[Items listed in a dataset]
##########
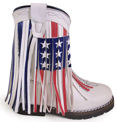 White with Flag Print Fringe Autry Western Boot.
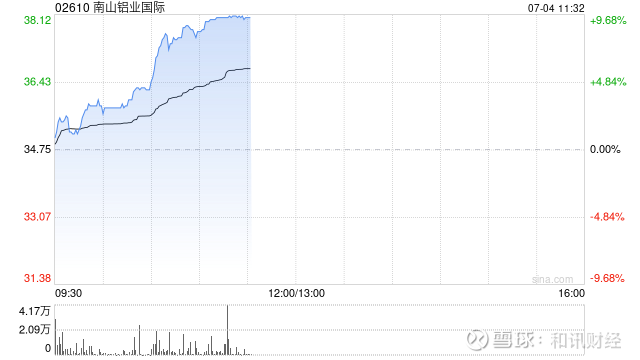 南山铝业国际(02610)午前涨幅持续扩大,股价上涨9.35%,现报38港元,成交额2055.37万港元。
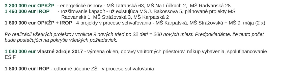 Realizované projekty z mimorozpočtových a vlastných zdrojov
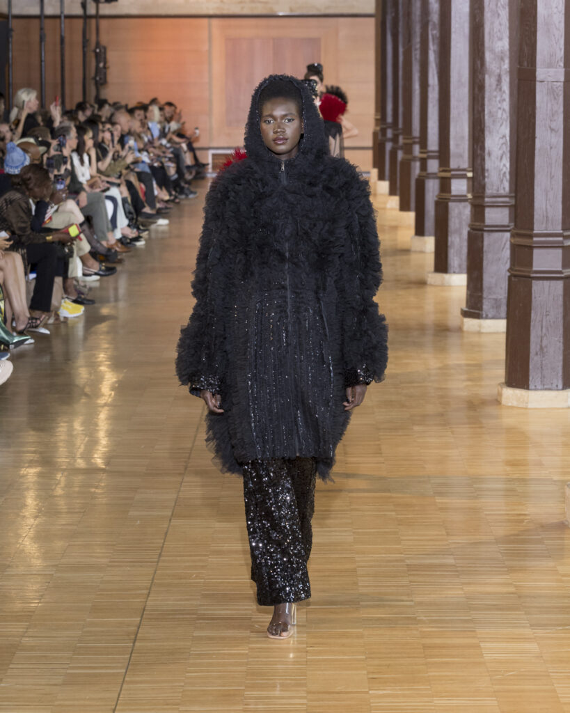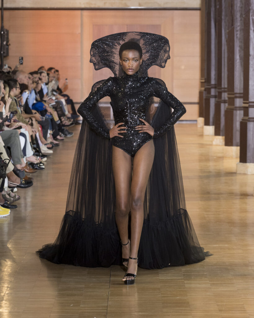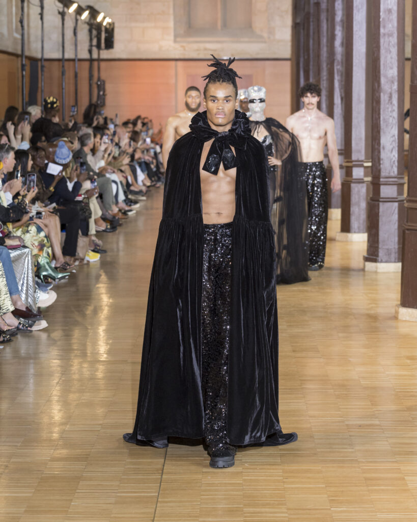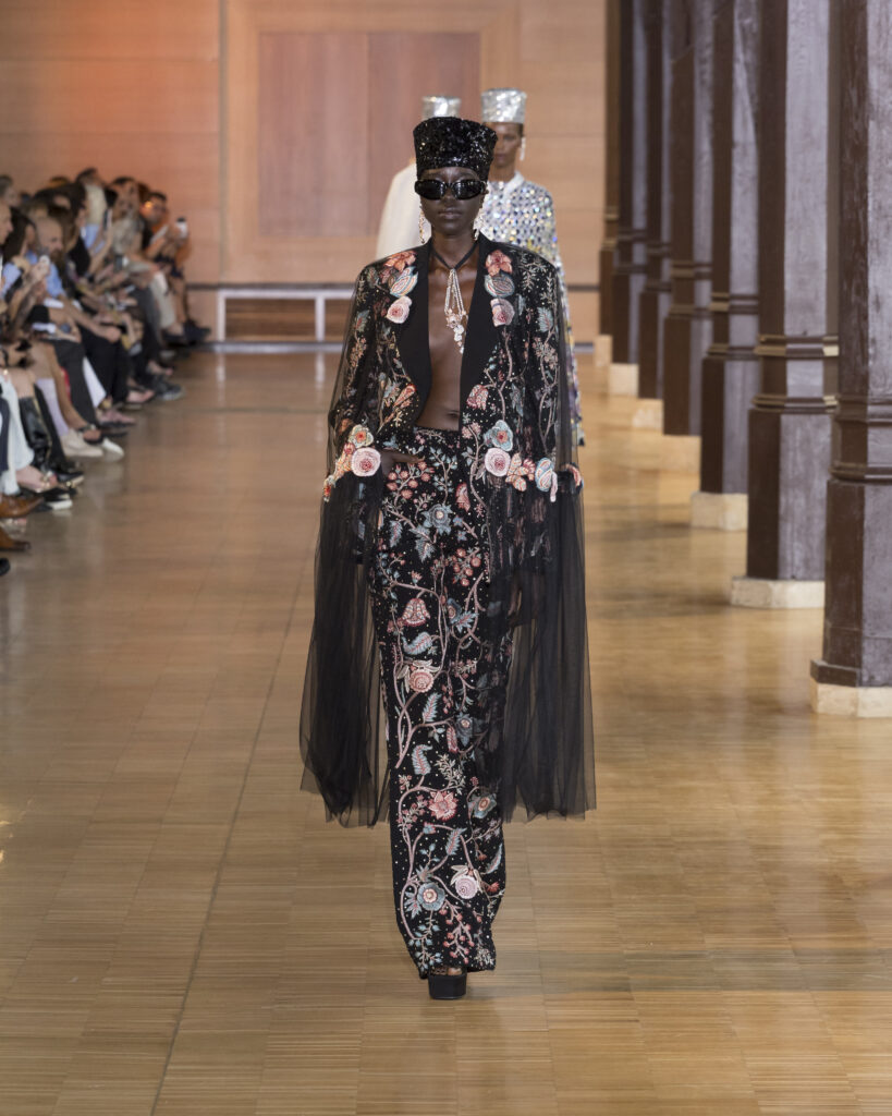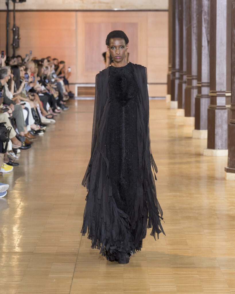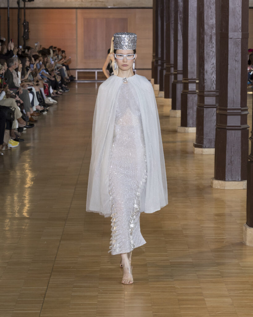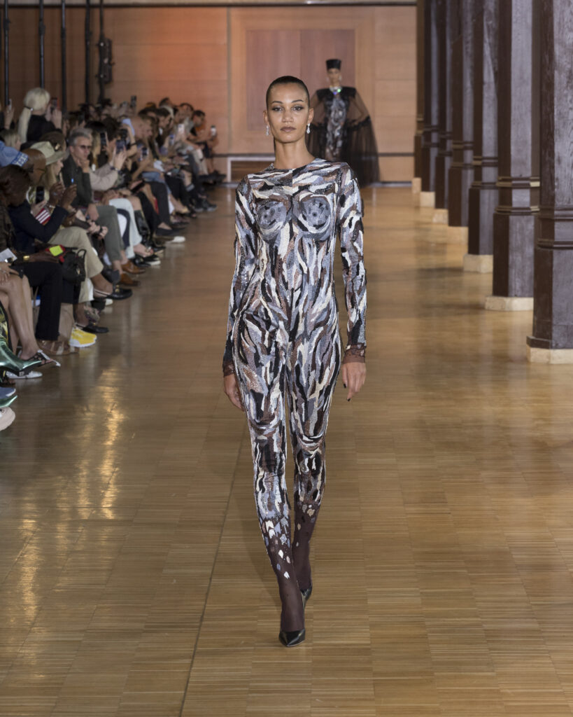 Les teintes profondes de noir et de gris, omniprésentes dans la collection, évoquent l’infinité du cosmos, une toile où la lumière et l’obscurité se rencontrent. Elles symbolisent le mystère et la profondeur de l’aura, cette force invisible mais palpable qui émane des êtres vivants. Les silhouettes, fluides et organiques, sont parsemées de broderies minutieuses, de perles de verre, de sequins et de strass, qui captent la lumière et la rediffusent, comme autant d’éclats de cette énergie primordiale.
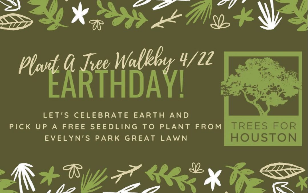“Earth Day Plant A Tree Walk By”!!! Trees for Houston will be donating free tree seedlings at Evelyn’s Park great lawn for you to take home and plant on Wednesday 4/22 while supplies last (one per family). Tree planting is a fun activity for your family to do on Earth Day giving back to our community and environment.
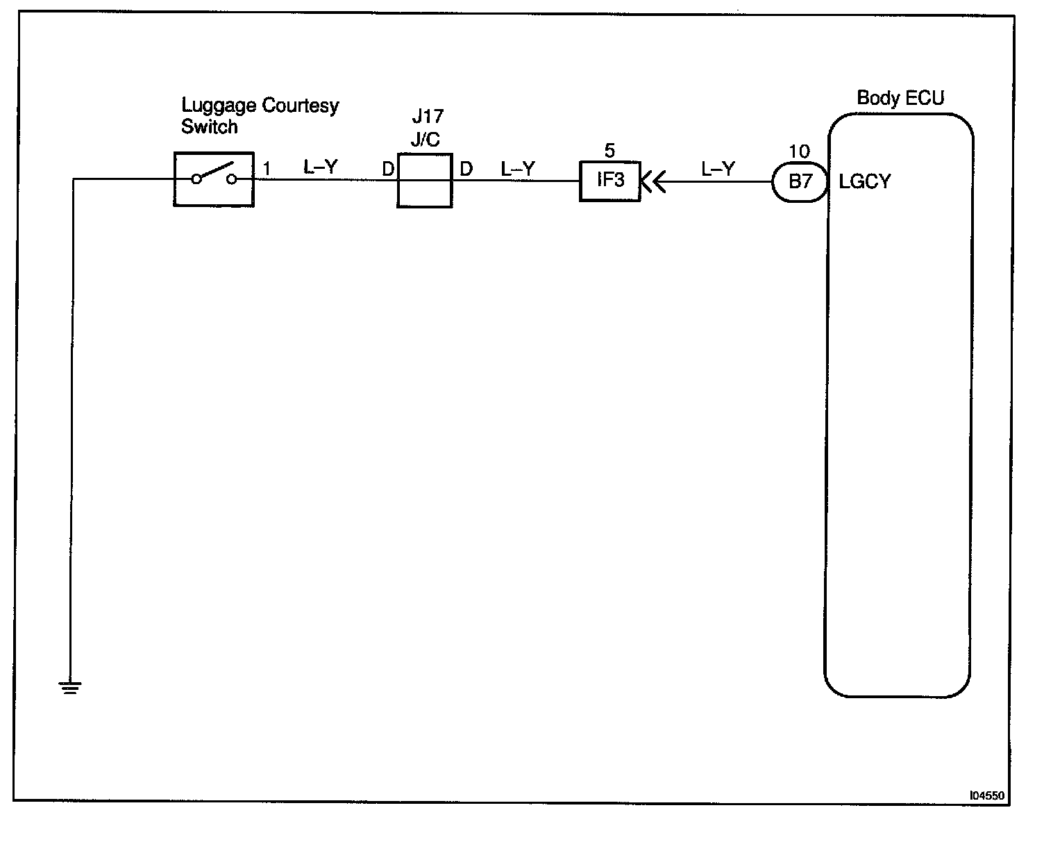 The luggage courtesy switch goes on when luggage compartment door is opened and goes off when luggage compartment door is closed.
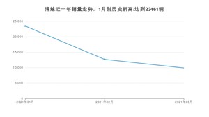 2021年3月,博越销量为9881辆,同比增长6.36%,环比下降21.96%。1-3月份,博越销量为46003辆,同比增长26.37%。在最近1年中,博越销量在2021年01月达到最高,销量为23461辆。
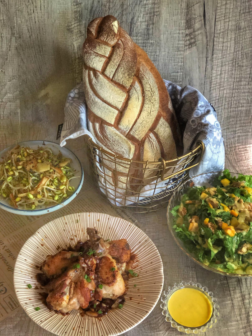 我的黑麦面包!是不是很好看?想不想学?我准备开一个课程,豆瓣酱蜂蜜鸡腿是用平底锅做的但是有脆皮!沙拉是用桃子做的酱汁,还...
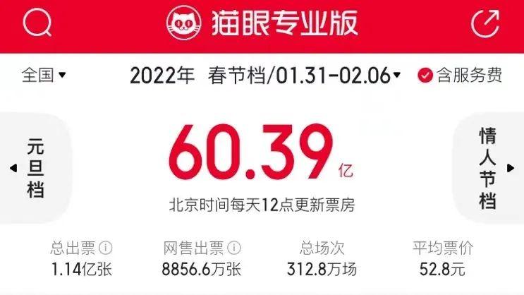 根据猫眼专业版数据,截止到2月7日零时许,春节档总票房已经突破60.39亿,春节档总出票1.14亿张,平均票价为52.8元。而这个数字背后是史上最贵春节档。
##########
## Task details
The records are to be retyped in full and exactly, with no image carried over.

## Output for this task
 White with Flag Print Fringe Autry Western Boot.
 南山铝业国际(02610)午前涨幅持续扩大,股价上涨9.35%,现报38港元,成交额2055.37万港元。
 Realizované projekty z mimorozpočtových a vlastných zdrojov
 Les teintes profondes de noir et de gris, omniprésentes dans la collection, évoquent l’infinité du cosmos, une toile où la lumière et l’obscurité se rencontrent. Elles symbolisent le mystère et la profondeur de l’aura, cette force invisible mais palpable qui émane des êtres vivants. Les silhouettes, fluides et organiques, sont parsemées de broderies minutieuses, de perles de verre, de sequins et de strass, qui captent la lumière et la rediffusent, comme autant d’éclats de cette énergie primordiale.
“Earth Day Plant A Tree Walk By”!!! Trees for Houston will be donating free tree seedlings at Evelyn’s Park great lawn for you to take home and plant on Wednesday 4/22 while supplies last (one per family). Tree planting is a fun activity for your family to do on Earth Day giving back to our community and environment.
 The luggage courtesy switch goes on when luggage compartment door is opened and goes off when luggage compartment door is closed.
 2021年3月,博越销量为9881辆,同比增长6.36%,环比下降21.96%。1-3月份,博越销量为46003辆,同比增长26.37%。在最近1年中,博越销量在2021年01月达到最高,销量为23461辆。
 我的黑麦面包!是不是很好看?想不想学?我准备开一个课程,豆瓣酱蜂蜜鸡腿是用平底锅做的但是有脆皮!沙拉是用桃子做的酱汁,还...
 根据猫眼专业版数据,截止到2月7日零时许,春节档总票房已经突破60.39亿,春节档总出票1.14亿张,平均票价为52.8元。而这个数字背后是史上最贵春节档。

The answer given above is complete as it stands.